Caso Libia, dai migranti al petrolio: crescono i rischi per l'Italia

Lunedì 3 Settembre 2018 di Marco Ventura
Morti, razzi, milizie l'un contro l'altra armate, clan che si contendono terre e traffici, pizzi travestiti da balzelli e cambi di casacca non da un giorno all'altro ma da mezzogiorno alle tre del pomeriggio. La Libia è spaccata in tre (Tripolitania, Cirenaica e Fezzan) ma anche in dieci, venti, duecento, perché ogni milizia ha il suo feudo. Il precipitare della situazione significa per l'Italia «una voragine, un gigantesco buco nero che si apre di fronte a noi», dice il presidente del Cesi, Andrea Margelletti. «La stabilità della Libia è un nostro interesse strategico nazionale, perché la Libia è un po' il nostro Messico».

LA POSTA
In Libia si gioca la regolazione dei flussi di migranti, come dimostra l'esaurirsi degli sbarchi con la luna di miele Berlusconi-Gheddafi. E c'è potenzialmente anche un'emergenza energetica.
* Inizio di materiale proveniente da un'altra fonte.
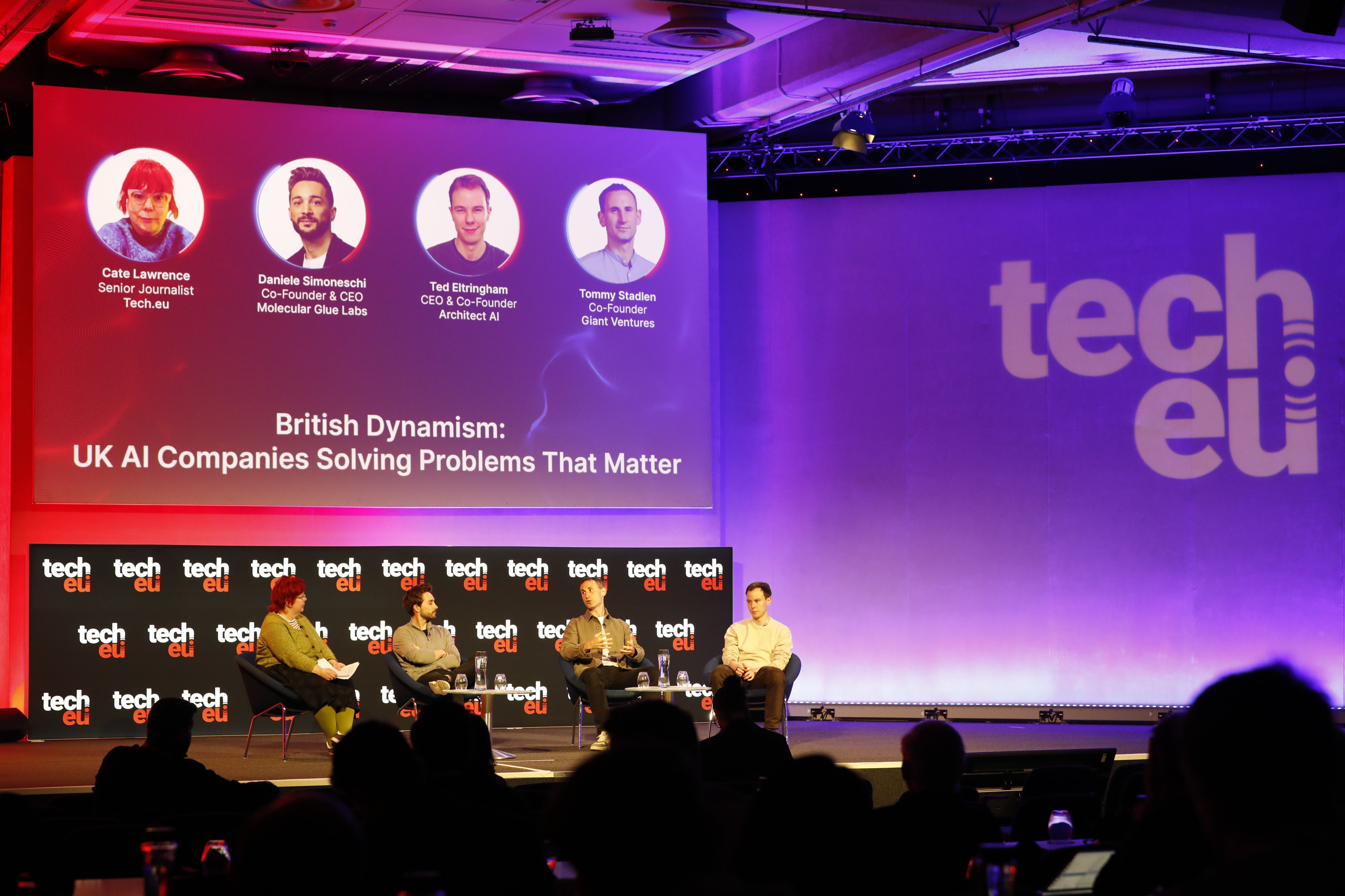 Cate Lawrence (Tech.eu), Daniele Simoneschi (Molecular Glue Labs), Ted Eltringham (Architect AI) and Tommy Stadlen (Giant Ventures) highlighted how a new generation of UK-based AI startups is focusing on solving concrete, high-impact problems across industries.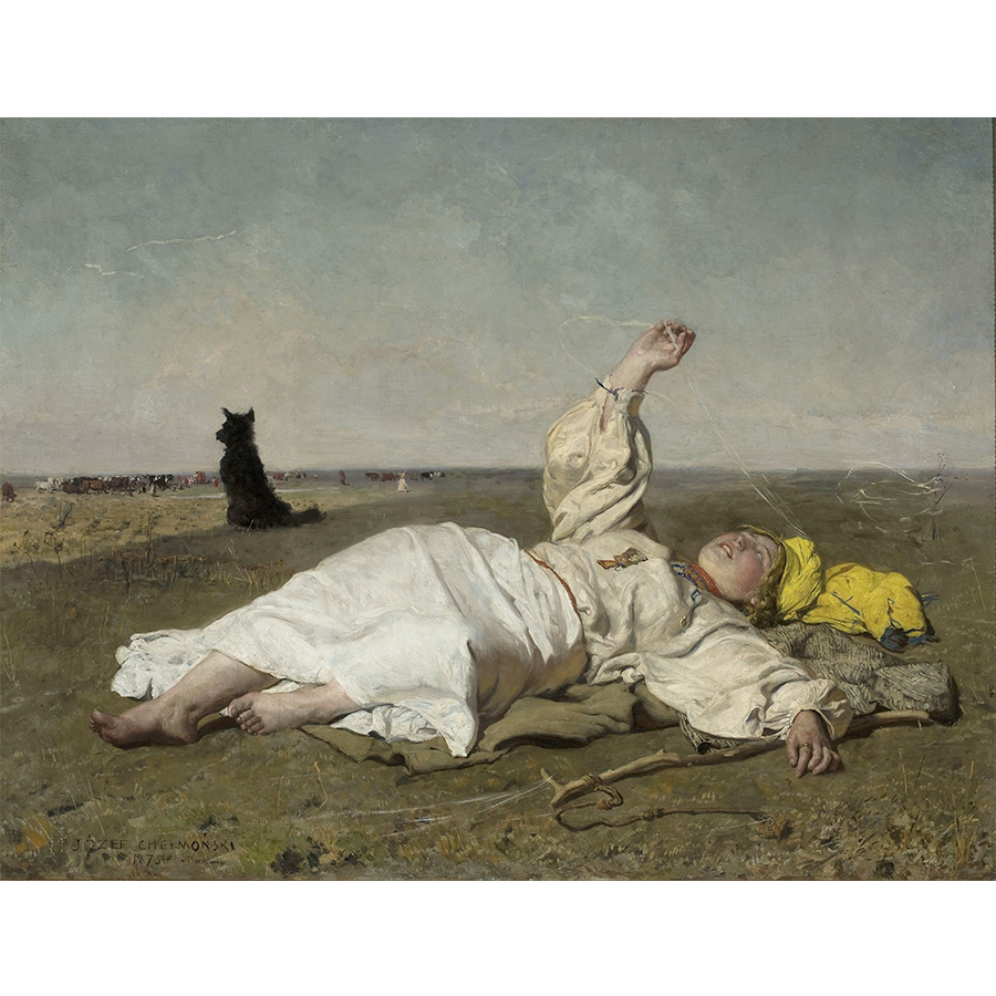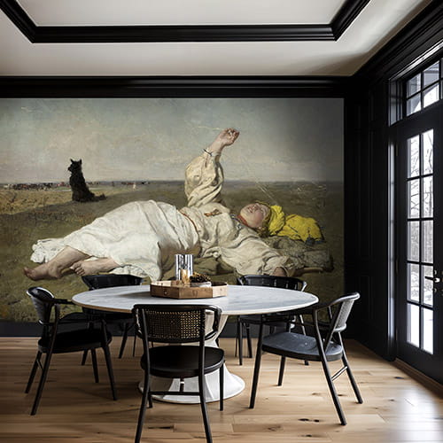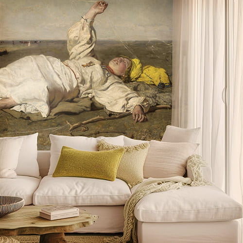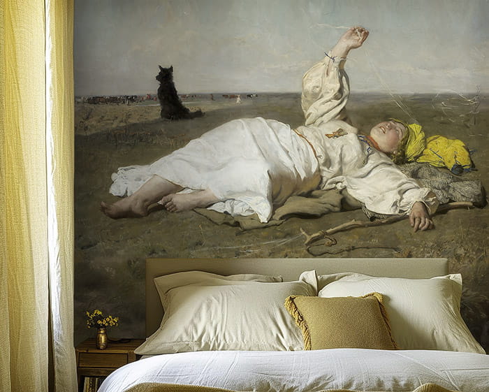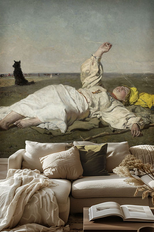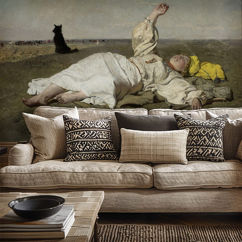 Na obrazie widzimy młodą kobietę odpoczywającą na łące, zanurzoną w ciepłym, sielskim krajobrazie dogasających letnich dni. Delikatne nici babiego lata unoszące się w powietrzu, miękkie światło i bezkresna przestrzeń budują atmosferę spokoju, wolności i lekkiej melancholii. To właśnie ta emocjonalna warstwa sprawia, że tapeta z tym wiejskim motywem tak silnie oddziałuje na wnętrze – wycisza je, otwiera optycznie i wprowadza harmonię.

Tempo fa Alessandro Pansa, direttore del Dis, cioè della struttura di Palazzo Chigi che coordina i servizi, spiegò che «la crescita del fabbisogno europeo di gas naturale e la prossimità geografica a importanti mercati di destinazione continuano a rendere la Libia, che non è più il nostro primo fornitore di petrolio ma ci garantisce il 10 per cento del nostro consumo di metano, un importante asset geo-strategico, anche in chiave prospettica». E poi, l'Eni resta «la principale società petrolifera internazionale attiva in Libia». La strategia africana dell'Italia dipende dalla pax libica e implica il successo o la disfatta della nostra politica estera e di difesa, ormai tutta focalizzata sul Mediterraneo come ponte naturale (ancora Pansa) che «unisce l'area con il più alto numero di migranti, 76 milioni in Europa, due in più che negli Stati Uniti secondo i dati del 2015, al corridoio continentale fra il Golfo di Guinea e il Golfo di Aden». La Libia significa Mediterraneo, Africa, ossia la direttiva geo-strategica degli ultimi ministri della Difesa fino all'attuale, Elisabetta Trenta, ma significa anche il cuore della politica estera illustrata dal premier Giuseppe Conte alla Casa Bianca.

LE INTESE
A Donald Trump, che ha dato il suo appoggio alla leadership italiana in Libia. A Misurata, che non è Tripoli ma può essere contagiata dai disordini, c'è il nostro ospedale da campo dell'operazione Ippocrate con circa 300 uomini. La perdita di controllo di Tripoli potrebbe però indurre gruppi armati islamici del Sud, secondo Margelletti, a marciare verso la capitale. E per alcuni la Settima Brigata, la milizia Al Kani di Tarhuna, 65 chilometri a sud di Tripoli, sfida il capo del governo di concordia nazionale, al-Serraj, da quinta colonna del generale Haftar. Decine di bande sono sul piede di guerra, ma neppure le potenti milizie di Zintan e Misurata hanno la forza sufficiente per imporre la legge a Tripoli.

LA POLITICA
Politicamente l'Italia ha puntato su al-Serraj, premier debole riconosciuto dall'Onu e, ufficialmente, dall'Unione Europea. Lo abbiamo aiutato con l'intelligence e con mezzi economici, abbiamo pure riaperto la nostra ambasciata a Tripoli (unici tra gli occidentali) mancata sabato per pochi metri da un razzo. La Francia però gioca in proprio e punta su Haftar, sia pur privo di qualsiasi investitura legale. E ha versato benzina sul fuoco, non contenta di aver voluto la disastrosa guerra per abbattere Gheddafi. Infine, il caos in Libia chiude le porte al rilancio dell'interscambio italo-libico che era di oltre 12 miliardi di euro nel 2010, un anno prima della guerra, e oggi ne vale circa quattro. Il fatto è che in Libia le milizie sono sensibili solo alla forza dei soldi e delle armi. La diplomazia non basta.